- [What you need to do]: Exact transcription, pictures omitted: begin at the top line of the records below and end with the line bearing "main()函数是整个应用程".

Information provided START

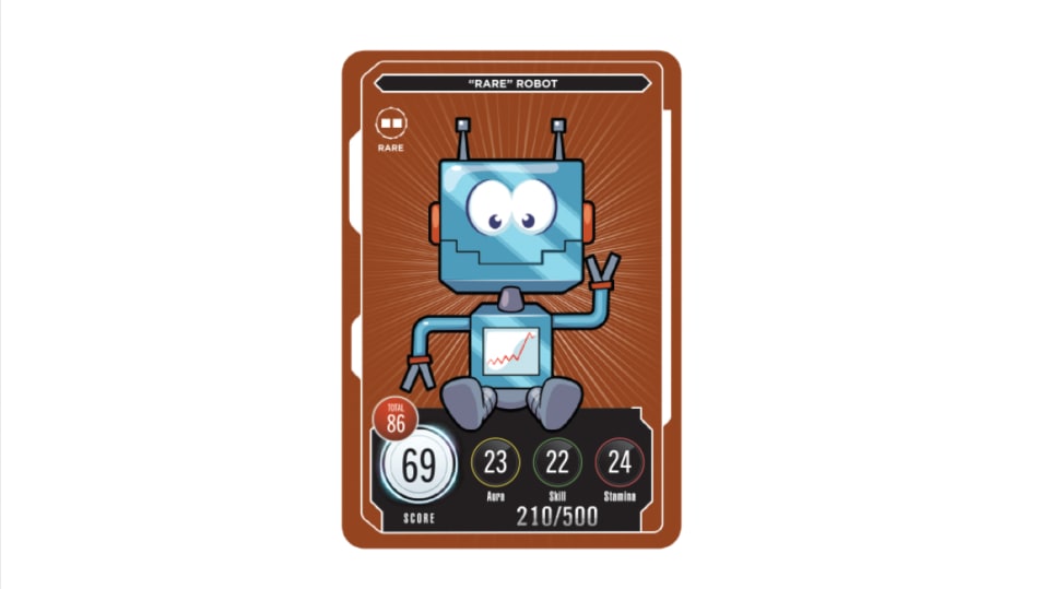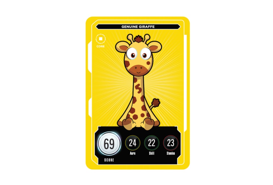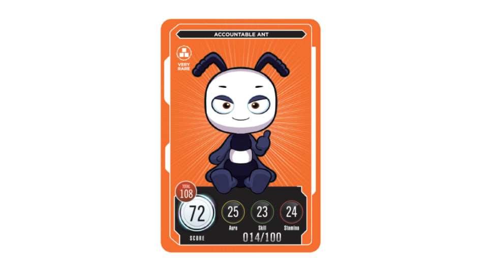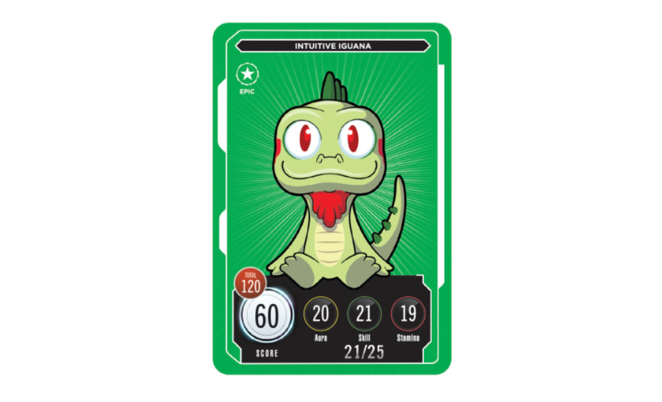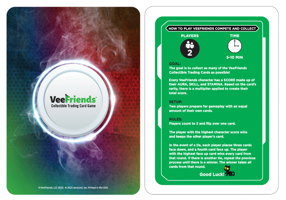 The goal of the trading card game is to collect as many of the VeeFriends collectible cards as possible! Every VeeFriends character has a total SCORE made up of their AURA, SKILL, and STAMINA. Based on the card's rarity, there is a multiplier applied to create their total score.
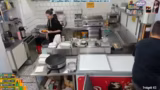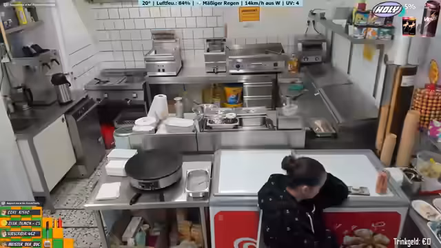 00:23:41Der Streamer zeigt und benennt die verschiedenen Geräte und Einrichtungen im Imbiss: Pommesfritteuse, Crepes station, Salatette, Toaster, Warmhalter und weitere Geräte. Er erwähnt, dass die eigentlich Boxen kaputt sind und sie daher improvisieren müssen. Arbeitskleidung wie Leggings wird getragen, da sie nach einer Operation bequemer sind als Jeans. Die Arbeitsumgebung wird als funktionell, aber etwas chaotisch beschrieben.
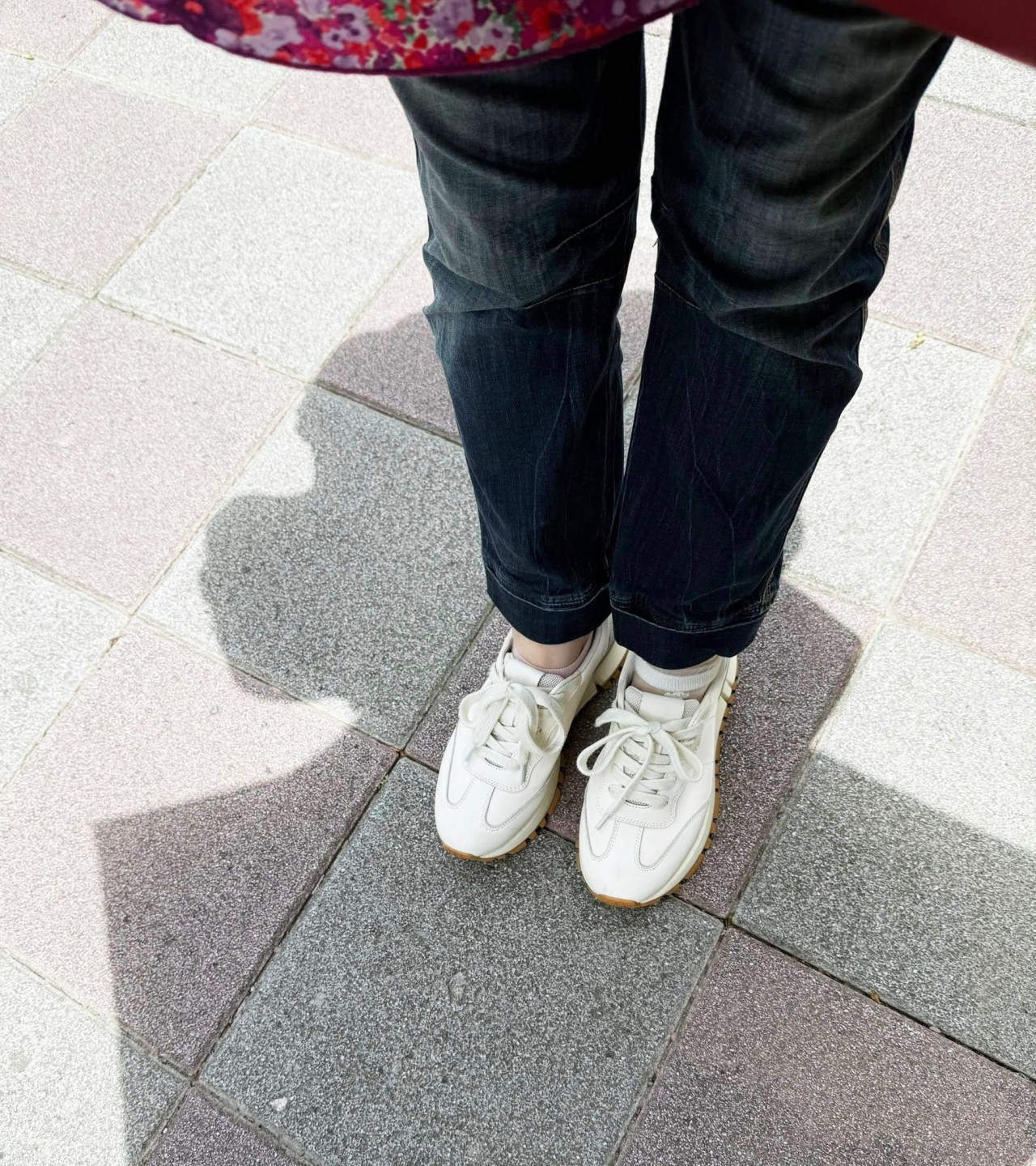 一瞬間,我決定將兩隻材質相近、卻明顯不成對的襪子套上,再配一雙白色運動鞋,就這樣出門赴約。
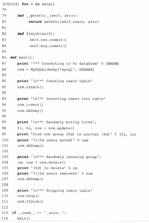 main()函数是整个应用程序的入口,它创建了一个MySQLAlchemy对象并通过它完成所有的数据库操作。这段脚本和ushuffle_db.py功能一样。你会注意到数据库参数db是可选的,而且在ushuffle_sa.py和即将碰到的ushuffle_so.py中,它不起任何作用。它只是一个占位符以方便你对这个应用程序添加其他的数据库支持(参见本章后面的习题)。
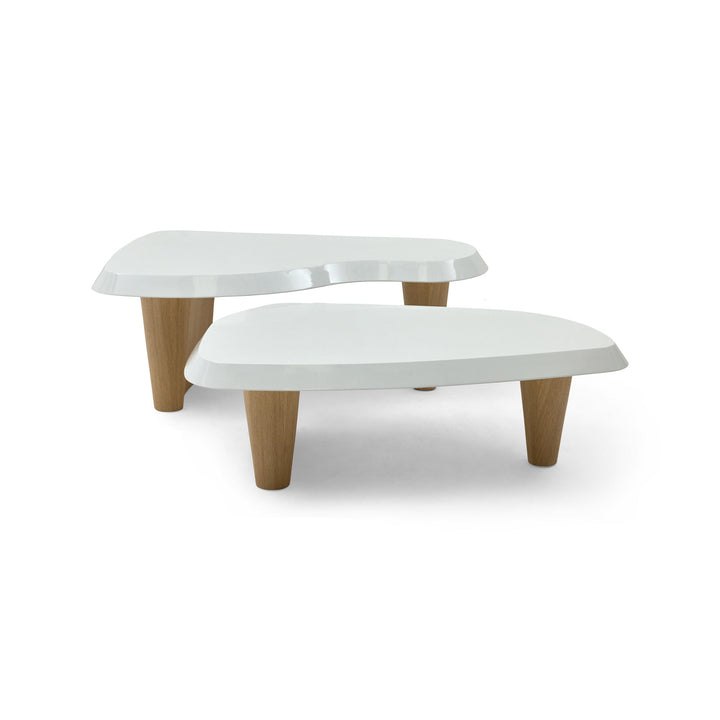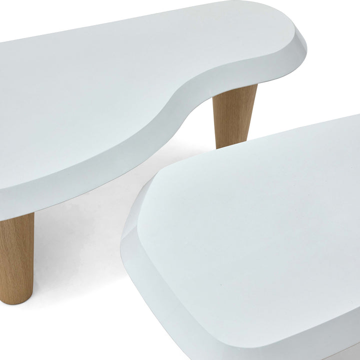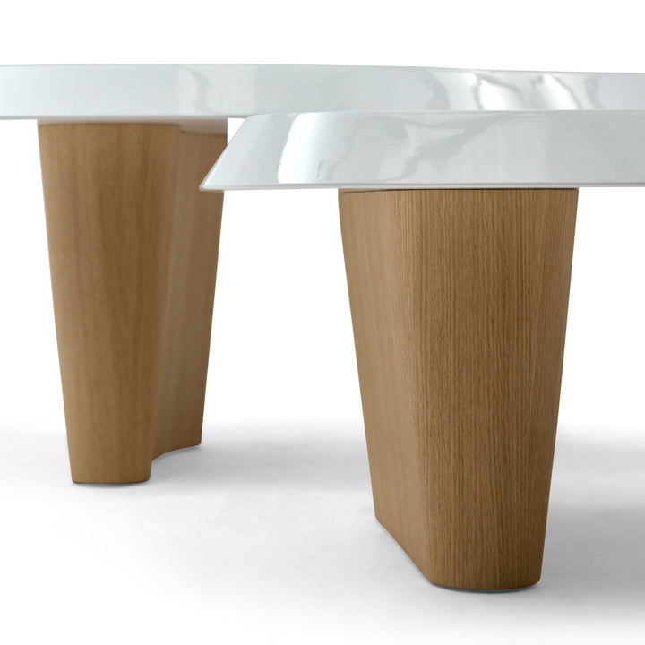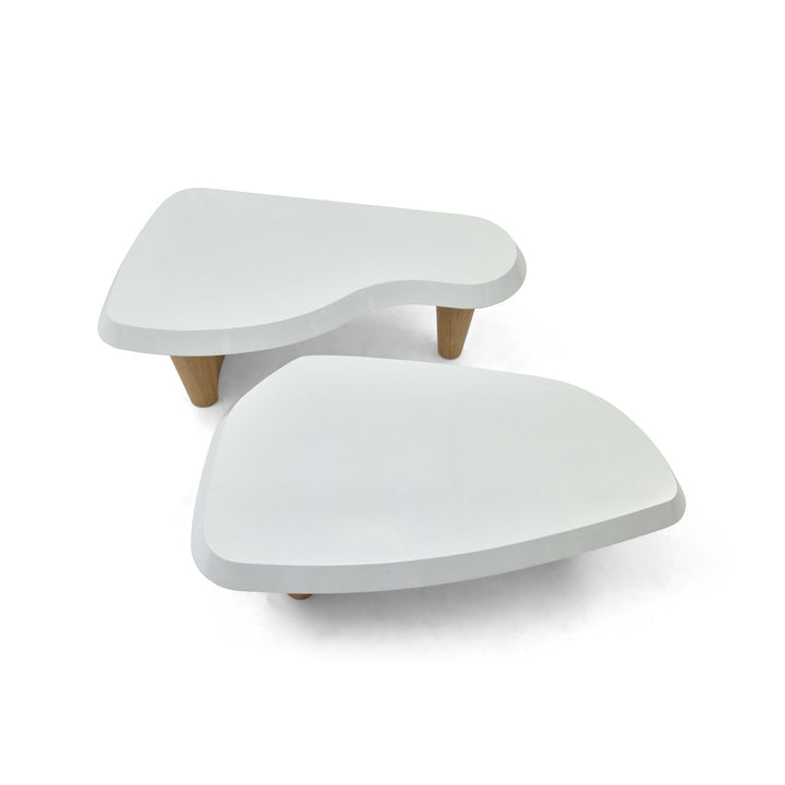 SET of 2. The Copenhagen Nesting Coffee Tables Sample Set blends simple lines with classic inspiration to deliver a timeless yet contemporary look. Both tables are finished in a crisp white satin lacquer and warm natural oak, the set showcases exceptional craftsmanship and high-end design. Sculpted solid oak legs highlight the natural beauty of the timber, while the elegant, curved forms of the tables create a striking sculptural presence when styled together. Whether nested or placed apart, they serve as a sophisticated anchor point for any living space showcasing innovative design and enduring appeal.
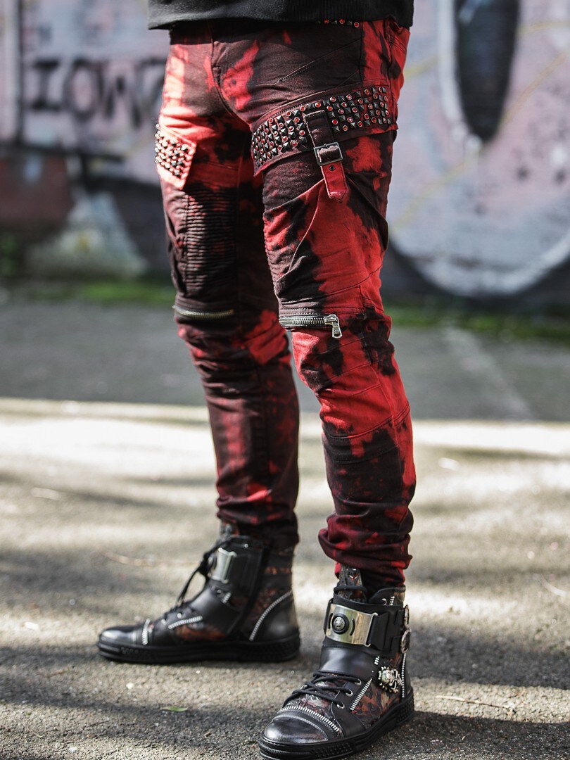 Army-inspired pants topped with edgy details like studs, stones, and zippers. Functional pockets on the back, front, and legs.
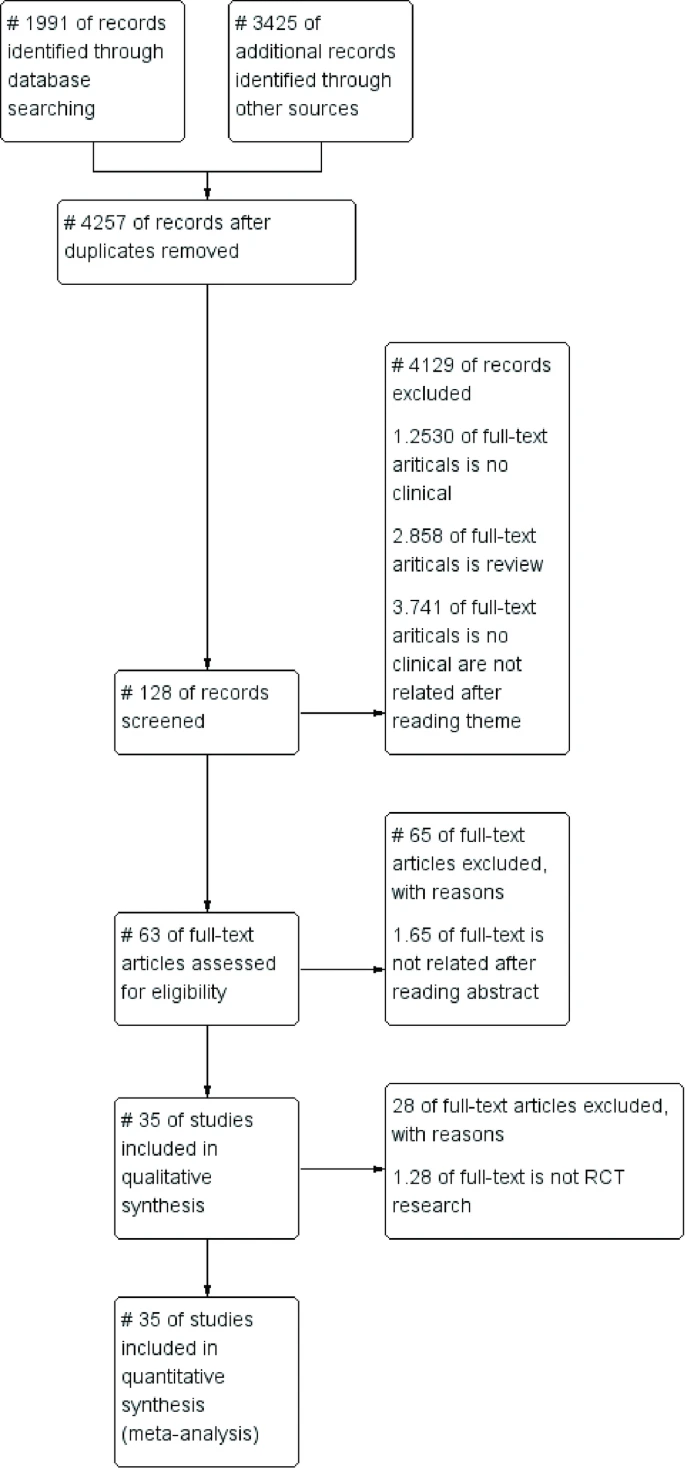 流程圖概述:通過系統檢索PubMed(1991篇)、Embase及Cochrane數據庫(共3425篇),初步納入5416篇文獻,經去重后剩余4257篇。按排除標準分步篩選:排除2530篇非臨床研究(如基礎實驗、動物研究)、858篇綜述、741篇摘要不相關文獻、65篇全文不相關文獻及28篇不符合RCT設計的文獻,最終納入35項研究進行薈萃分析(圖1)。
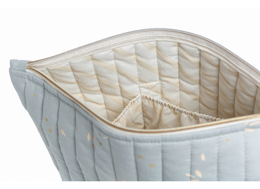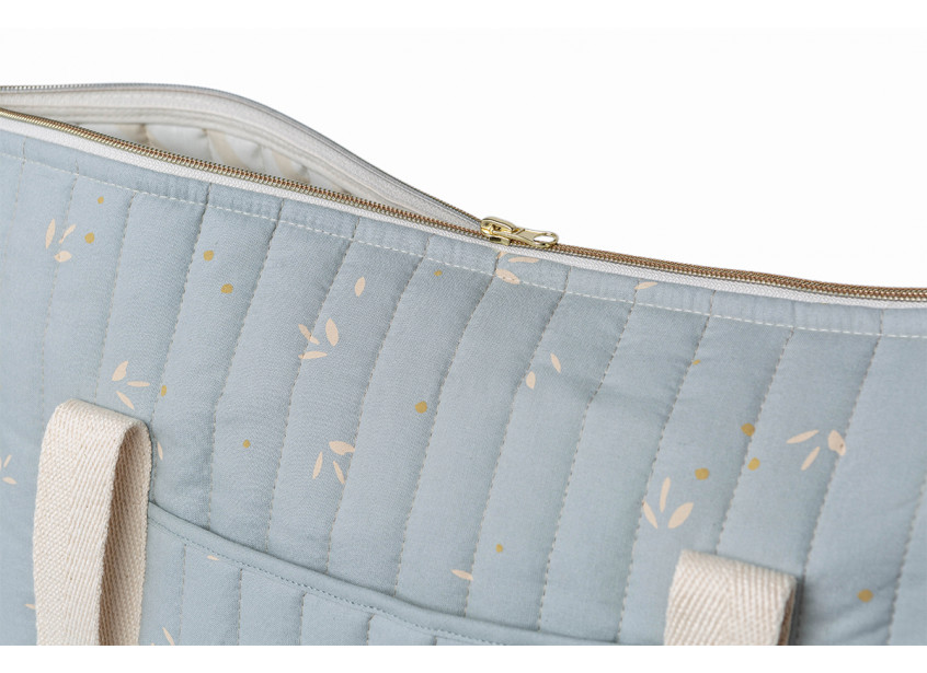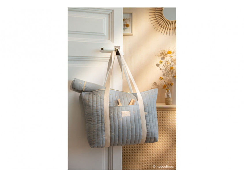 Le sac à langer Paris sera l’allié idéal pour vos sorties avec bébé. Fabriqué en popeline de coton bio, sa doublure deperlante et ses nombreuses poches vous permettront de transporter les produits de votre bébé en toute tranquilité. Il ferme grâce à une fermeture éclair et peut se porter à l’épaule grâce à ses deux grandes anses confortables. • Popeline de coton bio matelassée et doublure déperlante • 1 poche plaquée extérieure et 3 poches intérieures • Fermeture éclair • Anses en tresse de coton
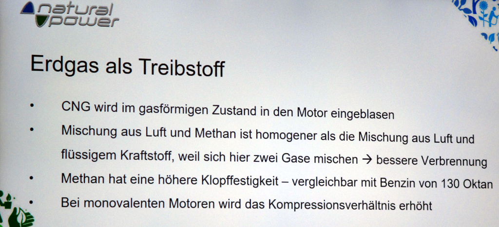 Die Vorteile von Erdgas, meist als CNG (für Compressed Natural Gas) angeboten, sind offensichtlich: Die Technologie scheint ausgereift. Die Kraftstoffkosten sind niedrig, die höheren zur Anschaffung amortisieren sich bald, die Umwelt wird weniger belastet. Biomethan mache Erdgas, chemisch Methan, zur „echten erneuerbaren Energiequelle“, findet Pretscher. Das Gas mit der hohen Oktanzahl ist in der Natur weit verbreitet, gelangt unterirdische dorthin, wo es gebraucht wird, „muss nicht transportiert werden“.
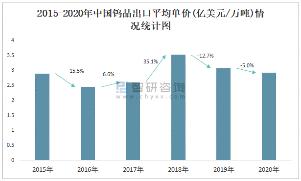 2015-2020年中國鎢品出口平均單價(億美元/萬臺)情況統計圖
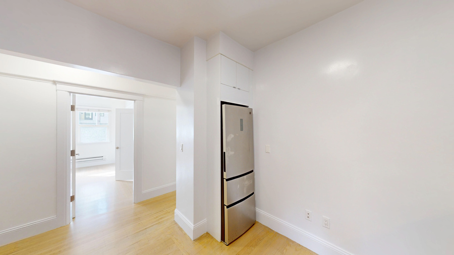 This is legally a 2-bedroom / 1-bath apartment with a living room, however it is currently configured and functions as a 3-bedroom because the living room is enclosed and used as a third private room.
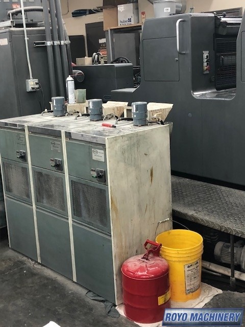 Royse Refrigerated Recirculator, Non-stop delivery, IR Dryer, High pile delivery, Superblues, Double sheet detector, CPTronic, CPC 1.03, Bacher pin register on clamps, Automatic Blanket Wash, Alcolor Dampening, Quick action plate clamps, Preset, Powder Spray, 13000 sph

Information provided END

- [Result below]:
 The goal of the trading card game is to collect as many of the VeeFriends collectible cards as possible! Every VeeFriends character has a total SCORE made up of their AURA, SKILL, and STAMINA. Based on the card's rarity, there is a multiplier applied to create their total score.
 00:23:41Der Streamer zeigt und benennt die verschiedenen Geräte und Einrichtungen im Imbiss: Pommesfritteuse, Crepes station, Salatette, Toaster, Warmhalter und weitere Geräte. Er erwähnt, dass die eigentlich Boxen kaputt sind und sie daher improvisieren müssen. Arbeitskleidung wie Leggings wird getragen, da sie nach einer Operation bequemer sind als Jeans. Die Arbeitsumgebung wird als funktionell, aber etwas chaotisch beschrieben.
 一瞬間,我決定將兩隻材質相近、卻明顯不成對的襪子套上,再配一雙白色運動鞋,就這樣出門赴約。
 main()函数是整个应用程序的入口,它创建了一个MySQLAlchemy对象并通过它完成所有的数据库操作。这段脚本和ushuffle_db.py功能一样。你会注意到数据库参数db是可选的,而且在ushuffle_sa.py和即将碰到的ushuffle_so.py中,它不起任何作用。它只是一个占位符以方便你对这个应用程序添加其他的数据库支持(参见本章后面的习题)。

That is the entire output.